Ciri utama candi bercorak Buddha adalah banyaknya patung Buddha atribut sederhana serta
bangunan stupa dengan patung Buddha di dalamnya. Selain itu, di kening Buddha selalu terdapat
bintik kecil yang disebut dengan urna (sebuah tanda yang menyimbolkan mata ketiga, yang mampu
memandang ke dunia nirwana).
b. Stupa
Bangunan stupa pada masa India Kuno digunakan sebagai makam atau tempat
penyimpanan abu kalangan bangsawan/tokoh tertentu.
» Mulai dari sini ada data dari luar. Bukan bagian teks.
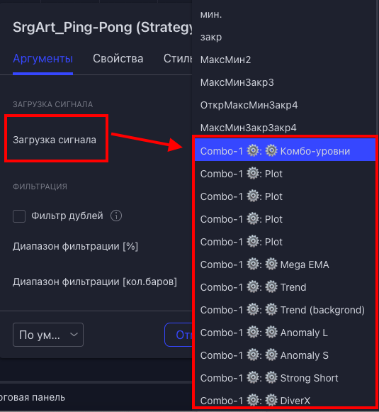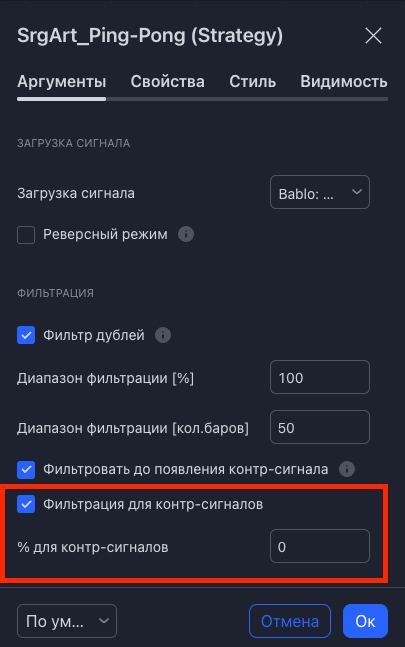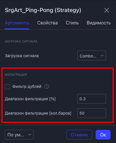 - в настройках, можно включить фильтрацию дублей и выставить параметры, на какой % и какое количество баров будет применена фильтрация (например, вы выставили 1% и 50 баров, это значит, что, если поступил сигнал в лонг и следующий сигнал в течение 50 баров тоже в лонг, но он по расстоянию от предыдущего не дальше 1%, то этот сигнал будет фильтроваться)
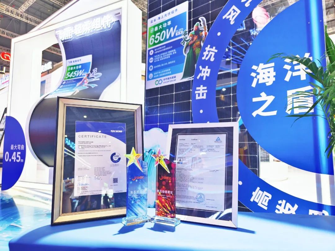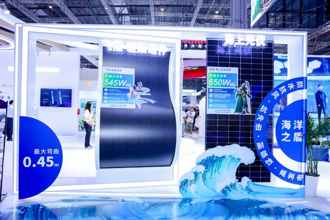 镇江公司共展出云长TOPCON高效双面组件、飞燕柔性组件、青天全黑组件、女娲BIPV组件等四大系列产品,以满足全球客户多样化、多场景产品需求。特别是飞燕柔性组件,组件前板材料采用三层复合材料,与竞品相比,在耐高低温、耐腐蚀、耐候性方面更为出色,同时兼具低碳、环保、高效、节能的特点,以及更强的抗冲击、抗冰雹能力,在给客户带来更高发电量同时,也更具安全性。

Berikut tiga bagian dari bangunan stupa :
1) Andah, melambangkan dunia bawah tempat manusia yang masih dikuasai hawa nafsu.
2) Yanthra, merupakan suatu benda untuk memusatkan pikiran saat bermeditasi,
3) Cakra, melambangkan nirwana tempat para dewa
Jika dibandingkan dengan di India dan Asia Timur, bangunan stupa di Indonesia memiliki
kekhasan tersendiri. Di tempat lain bangunan stupa berdiri sendiri, sedang- kan di Indonesia
bangunan stupa menjadi bagian dari candi atau kompleks candi tertentu.